Nichols died earlier this month after being beaten by five Memphis police officers after a traffic stop. All five of those officers have been fired, arrested and charged with Nichols’ murder.
Atlanta Mayor Andre Dickens released a lengthy statement saying the videos left him with “feelings of sickness and anger,” but that he was encouraged by the city’s swift actions toward justice.
“Once again, we bear witness to a horrific act—a vile and brutal attack of a young unarmed Black man in America by officers who were sworn to serve and protect. I know I am not alone in my feelings of sickness and anger in the attack on Mr. Tyre Nichols. I grieve with my community, and my heart goes out to Mr. Nichols’ family.
“I am encouraged by the swift action taken by Memphis leaders to seek accountability from those responsible, and that these former officers have been charged. I spoke with Memphis Mayor Jim Strickland this week, and I believe he is personally committed to justice in this case and healing in his city.
“The Atlanta Police Department has taken great strides in recent years to fully implement vital policing reforms, and that work continues. Still, as this act of utter brutality in Memphis shows us, we must stay vigilant and continue to train our officers to the highest standards.
“I have asked Chief Schierbaum, Chief Smith and Chief Dancy to review this video and case with the command and training staffs of the Atlanta public safety departments. We must use this moment to learn, to end these unspeakable acts of violence.
“To those who are called to lift their voices and demonstrate: know that the City of Atlanta and our public safety agencies are prepared to support peaceful protest in our city. I am a firm proponent of full participation, community dialogue and peaceful demonstration. I ask for peace, and your partnership to not allow agitators to try to co-opt non-violent protest and put people in harm’s way.
“In Atlanta, we have robust processes in place to report and investigate allegations of police misconduct. If you have witnessed or experienced misconduct, you can report it either through ATL311 or to the Atlanta Citizen Review Board.”— Atlanta Mayor Andre Dickens
Georgia Governor Brian Kemp said he was “deeply saddened” by the video footage. He also reiterated his respect for the right to peacefully protest.
U.S. Senator Raphael Warnock called for communities to “never stop working until we transform the culture of bias and brutality.”

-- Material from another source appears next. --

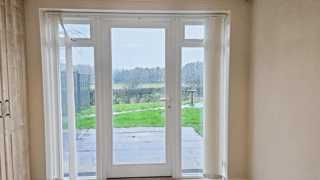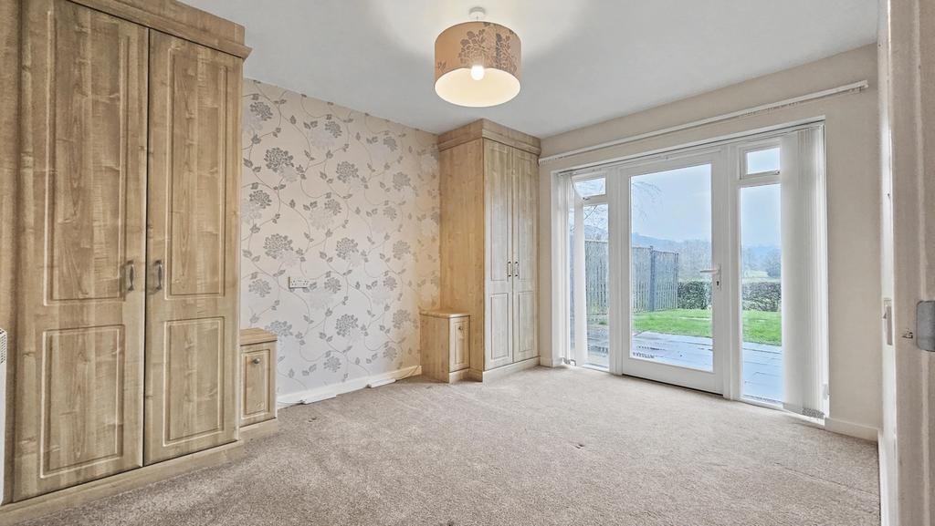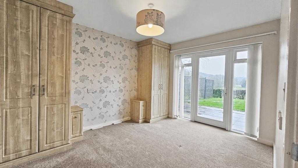 BEDROOM 1 (3.96m x 3.06m approx) (12'9" x 10' approx) with fitted carpet, two double built-in wardrobes, and bedside tables. Eight power points, TV aerial point, and glazed door with side windows leading to the rear garden area.

U.S. Senator Jon Ossoff says Nichols’ death serves as a reminder of the necessity of federal regulations on law enforcement.
Dr. Bernice King, CEO of the King Center and daughter of civil rights icon Dr. Martin Luther King Jr., said she wants leaders to put more effort into stopping police brutality than they did preparing responses to a video.
Georgia Attorney General Chris Carr said he was shocked by the contents of the videos.
The Emory Police Department also said they will “work to cultivate a climate of trust, respect, and transparency.”
The Memphis officers’ actions in the death of Tyre Nichols are indefensible.
EPD will continue our work to cultivate a climate of trust, respect, and transparency, while encouraging your voice to be heard. This community deserves nothing less. We look forward to sharing more about how we hire, retain, and train officers who understand and embrace Emory values.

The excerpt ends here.